Uzaktan Çalışmanın Yasal Çerçevesi

Uzaktan çalışma konusuna 4857 sayılı İş Kanunu’nda 2016 yılında yapılan düzenlemelerle yasal bir temel kazandırıldı.

(Ek fıkra: 6/5/2016-6715/2 md.) Uzaktan çalışma; işçinin, işveren tarafından oluşturulan iş organizasyonu kapsamında iş görme edimini evinde ya da teknolojik iletişim araçları ile iş yeri dışında yerine getirmesi esasına dayalı ve yazılı olarak kurulan iş ilişkisidir.

Kanunun 14.maddesinde yer alan uzaktan çalışma tanımındaki ‘’iş organizasyonu’’ kavramı, iş yerinin ‘‘işverenin örgütlendiği her yer’’ olarak tanımlanmasını ifade eder. Yani iş yeri işverenin oluşturduğu iş organizasyonu kapsamından iş görmenin gerçekleştiği yerdir. Uzaktan çalışmanın gerçekleştiği yer, iş yeri hariç bir yer olarak tanımlanmalı ve bu tanımda sadece ev kapsam alanı olarak düşünülmemelidir.

Yönetmeliklerle uzaktan çalışma sözleşmeleri düzenlenmiş, belirli ve belirsiz iş sözleşmeleri gibi iş tanımı, ücret ve sözleşmeye dair önemli hususların yazılı yapılması gerektiği belirlenmiştir.

Uzaktan çalışma yönetmeliği m.5- “Uzaktan çalışmaya ilişkin iş sözleşmeleri yazılı şekilde yapılır.

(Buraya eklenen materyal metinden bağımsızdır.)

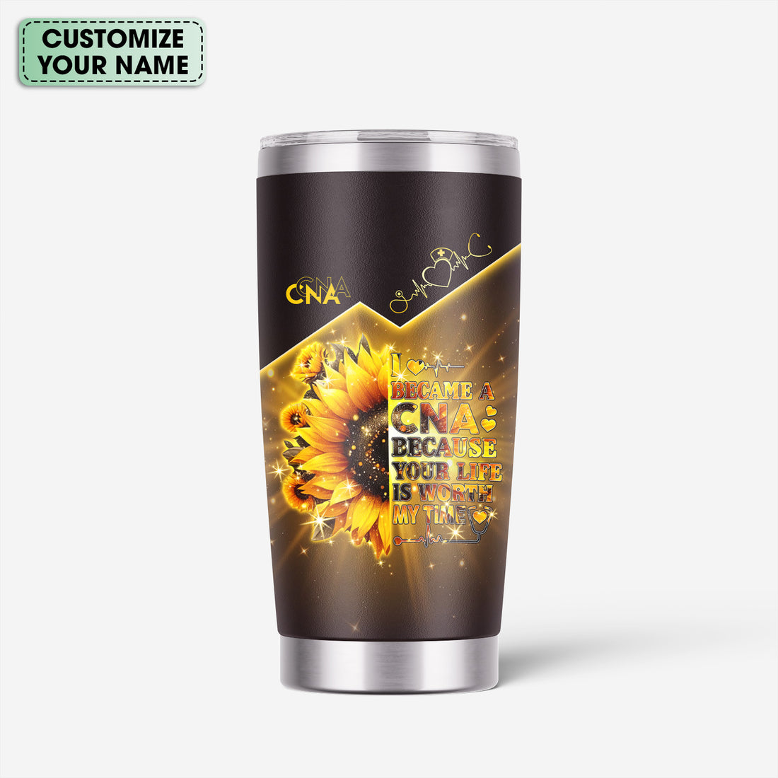 Personalized CNA Floral Tumbler - Stethoscope Sunflower Graphic Design - Gift for RN LPN CNA
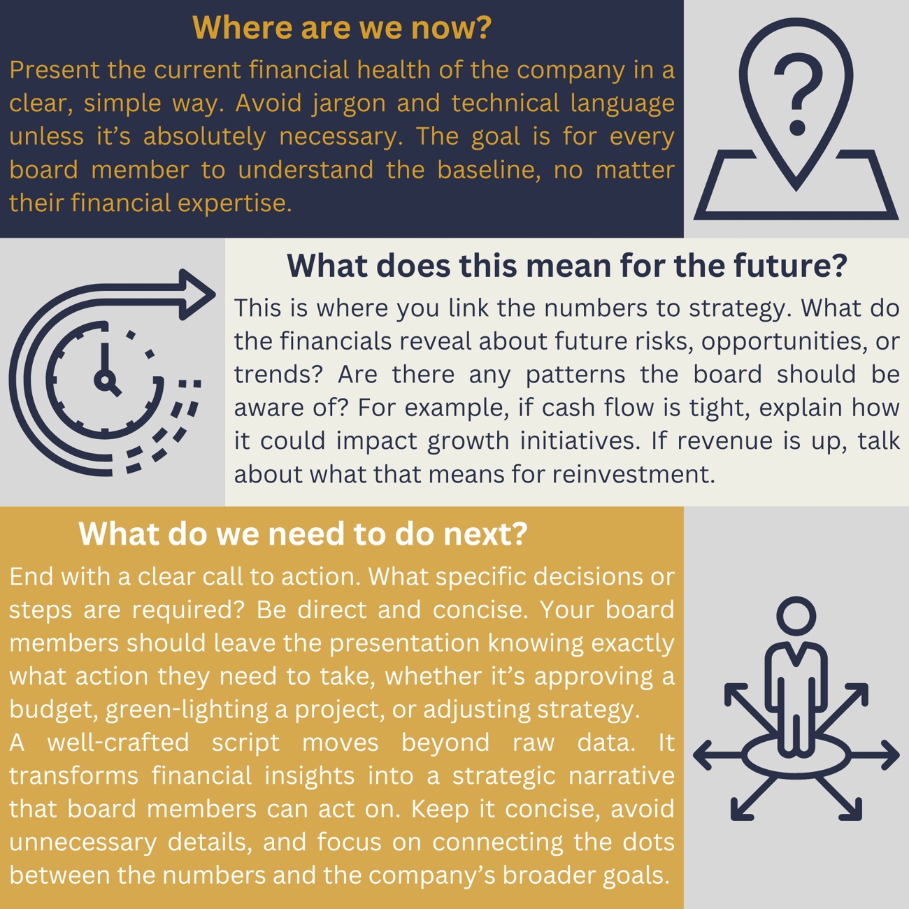 End with recommendations – Close with specific, actionable recommendations.What decisions need to be made today? What are the next steps? By ending with a call to action, the CFO will leave the board with a clear path forward.
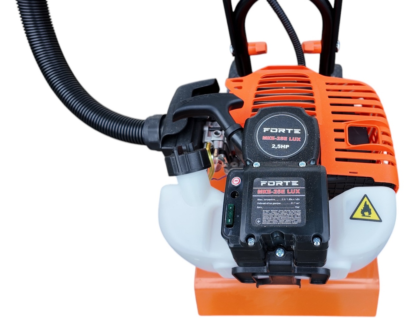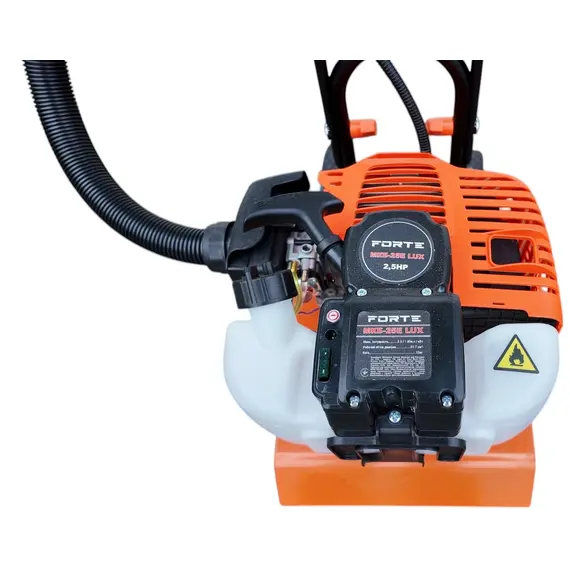 Мотокультиватор Форте МКБ-25 LUX як рушійний елемент використовує двотактний бензиновий одноциліндровий двигун з об'ємом 51,7 см3. Примусова система охолодження не дасть перегріватися мотору, під час виконання тривалих робіт. Для зручності управління Forte МКБ-25 LUX, розмістив всі органи управління на рукоятці, це забезпечило зручність контролю під час обробки.
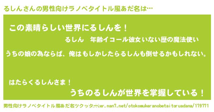| 女子向けラノベタイトル風あだ名 | 『るしんの婚約者』 |
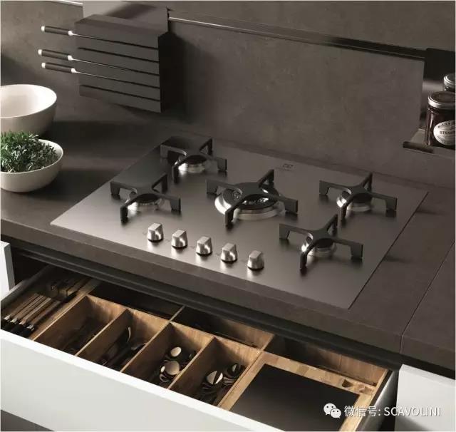 Scavolini的抽屜設計通過了嚴格的測試,在關閉時只需輕輕一推,就好像是用手將它放進櫃子中一樣。
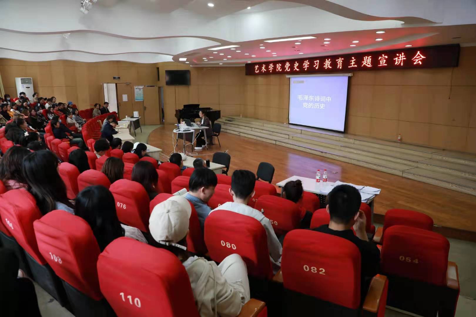 党史学习教育宣讲团王晓丽老师以《毛泽东诗词中的党史》为题,为全院师生党员作了专题讲座,学院党委书记夏瑞丽主持。
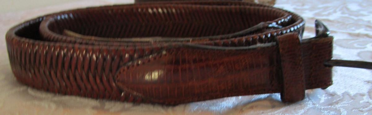 3 leather belts, one is Bill Blass alligator pattern size 42, one Leather woven belt size 42,  one brown leather belt with elk buckle size 46
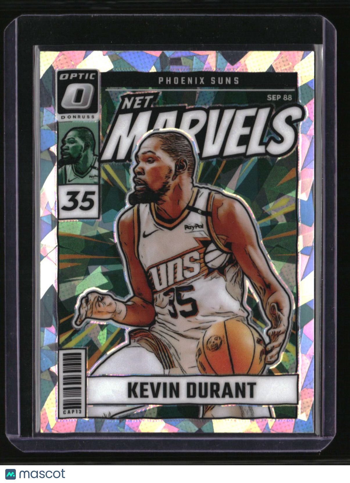 | *This is a Single Trading Card* | *Discounts are not available on Single Trading Cards* | This is a nice example of a 2024-25 Donruss Optic #18 Kevin Durant Net Marvels Cracked Ice SN. Please check out our other listings for more great cards. Thank you for your interest in one of our cards!!! Prior to making any bids/purchases, I would kindly ask you to read the information below: Item Condition Please see the provided pictures for the condition of the card or item, pictures of the front and back are provided for your review. We cannot accommodate requests for additional pictures. Any notable flaws or damage to this item will be noted in this listing. Please use the attached photos provided for your own assessment. Graded card cases may come with some minor wear/tear, surface scratch, chipped, or blemish. There are no partial refunds or returns because of the case condition. All single cards will come in protective cases. If you purchase a listing that's sold as a lot it may come in snap cases or sealed in a team bag, and not all cards will be individually sleeved and top loaded in all lots. Raw cards are sold as such, with no guarantees of potential and/or expected grades. All cards are sold as is, with no returns or refunds. Listed With Mascot.
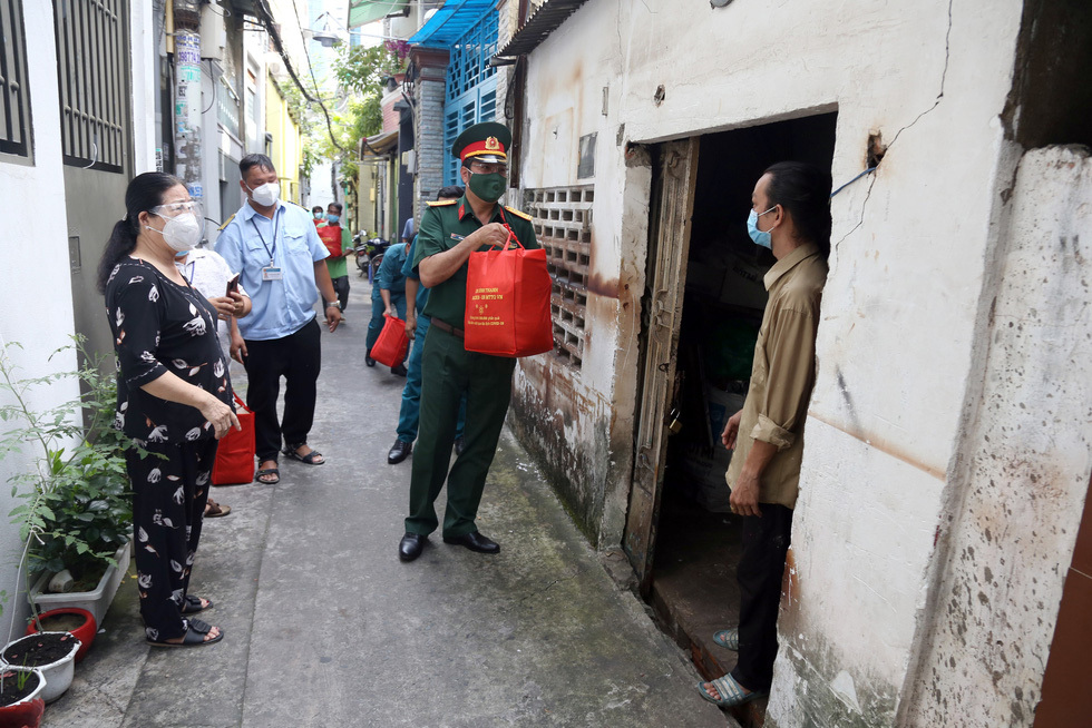 Đại diện Bộ tư lệnh TP.HCM tặng quà cho bà con vào ngày 8/8. (Ảnh: Tuổi trẻ Online)
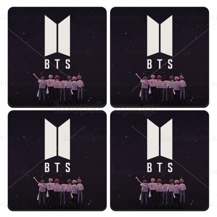 BTS, ΣΕΤ 4 Σουβέρ ξύλινα τετράγωνα (9cm)
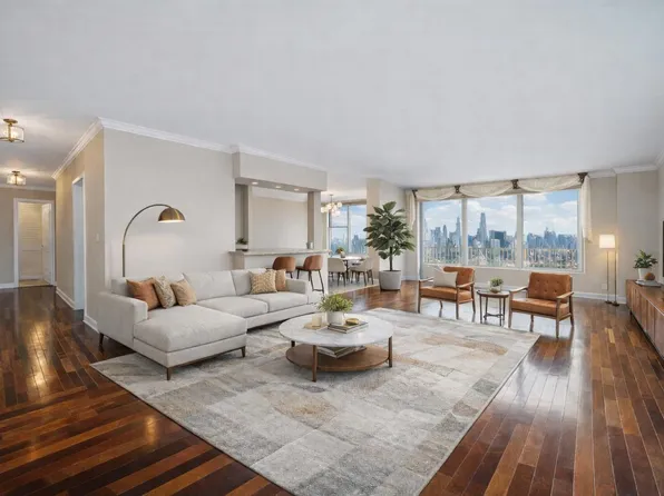Stunning Downtown AND Uptown Manhattan Views abound from every window of this rarely available MAGNIFICANT 2 BED 2 BATH with DIRECT SE Exposures!!! 1450 SQUARE FEET of PURE LUXURY await your arrival! A masterful layout with the MILLION DOLLAR VIEW as your wallpaper. A chef's kitchen with a private dining area is ready for both those great parties and the perfect romantic dinner.

Sözleşmede; işin tanımı, yapılma şekli, işin süresi ve yeri, ücret ve ücretin ödenmesine ilişkin hususlar, işveren tarafından sağlanan iş araçları, ekipman ve bunların korunmasına ilişkin yükümlülükler, işverenin işçiyle iletişim kurması ile genel ve özel çalışma şartlarına ilişkin hükümler yer alır.”

Yukarıda da değindiğimiz gibi uzaktan çalışma kapsamı sadece ev olarak görülmemelidir, lakin ev uzaktan çalışma alanlarından en yaygın örneklerdendir. Evden çalışan bir birey için, evin iş yeri olarak kabul edilip edilmeyeceği ve evde gerçekleşen kazaların ‘iş kazası’ sayılıp sayılmayacağı tartışmasını ortaya çıkarır.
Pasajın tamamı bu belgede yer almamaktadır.